Segundo a legislação em vigor, a licença de promotor de jogo só pode ser atribuída a um “candidato que seja considerado idóneo para a obter”. O Governo verifica a idoneidade com base na entrega de dados pessoais do potencial promotor, dos sócios ou dos “principais responsáveis”. A Administração pode ainda exigir um relatório de avaliação de risco sobre o candidato a junket, que deve conter “dados relativos à identificação da pessoa ou sociedade e respectivos titulares dos órgãos sociais, às acções judiciais por esta interpostas ou em que é demandada”.

Os pedidos têm ainda de ser acompanhados pela declaração de uma concessionária de jogo, que indique ter intenção de trabalhar com o promotor de jogo em causa. O PONTO FINAL pediu um comentário à MGM Macau, Galaxy Entertainment e Melco Resorts & Entertainment – que opera o City of Dreams Manila –, mas apenas a Galaxy respondeu, pedindo mais informações sobre o Venus Group.

“Parece-me óbvio que esta pessoa em particular não tem a idoneidade necessária”, disse ao PONTO FINAL Pedro Cortés, referindo-se a Lin Bing-wen. O problema, acrescentou o advogado, é que a lei não define quem são os “principais responsáveis” das promotoras de jogo. “Isso foi deixado para um regulamento administrativo que nunca foi publicado”, lamenta Cortés. Ou seja, acrescenta o perito, é possível que Lin tenha de facto um papel de relevo numa promotora sem que tenha sido vetado.

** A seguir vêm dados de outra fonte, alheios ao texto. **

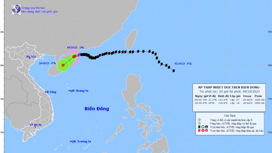 VOV.VN - Theo Trung tâm dự báo khí tượng thủy văn Quốc gia áp thấp nhiệt đới đã suy yếu thành một vùng áp thấp trên khu vực đảo Hải Nam (Trung Quốc)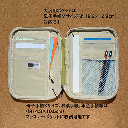 ナイロン素材のマルチケースです。発色の良い表地にさりげなくクロネコのアップリケがついてます。しっかりとした作りで、内容物をしっかり保護します。 母子手帳(Mサイズ、Sサイズ)、お薬手帳、パスポート、銀行通帳などの収納に便利です。 内側には2つのカードポケット(保険証、診察券など収納可能です)、4つの汎用ポケット、ファスナーポケット、領収書などが入る大きなポケットがあります。 背面にも小銭や印鑑などが入るファスナー付きポケットがあり、大切なアイテムを収納、持ち運びできる便利なケースです。 大きな汎用ポケットの対応サイズは以下のとりです。 母子手帳Mサイズ(約18.2×12.8cm)、母子手帳Sサイズ(約14.8×10.5cm)、お薬手帳・年金手帳(14.8×10.5cm)、銀行通帳(約14×8.7cm)、パスポート(約128×91cm)

Mesmo que seja esse o caso, sublinha Cortés, a DICJ tem poderes para exigir à Suncity ou a qualquer outra promotora informações sobre Lin Bing-wen, “se achar que os factos provados em tribunais são passíveis de afectar a idoneidade” da própria empresa ligada ao empresário de Taiwan. O PONTO FINAL perguntou à DICJ se Lin foi submetido ao processo de verificação de idoneidade e se o regulador liderado por Paulo Martins Chan planeava investigar a situação, mas não recebeu qualquer resposta.

Não é a primeira vez que o Venus Group se vê na ribalta, pelos piores motivos. Em Abril passado a empresa Lantai Digital Application Technology Co Ltd incluiu o promotor entre os parceiros de uma nova moeda virtual que seria lançada em Macau. O Venus Group emitiu na altura um comunicado a negar qualquer envolvimento no projecto, que acabou por levar a Polícia Judiciária (PJ) a deter um residente. A PJ disse então estar à procura de mais 10 suspeitos de fraude de crime organizado. O PONTO FINAL perguntou à PJ se houve qualquer evolução neste caso, mas não recebeu qualquer resposta.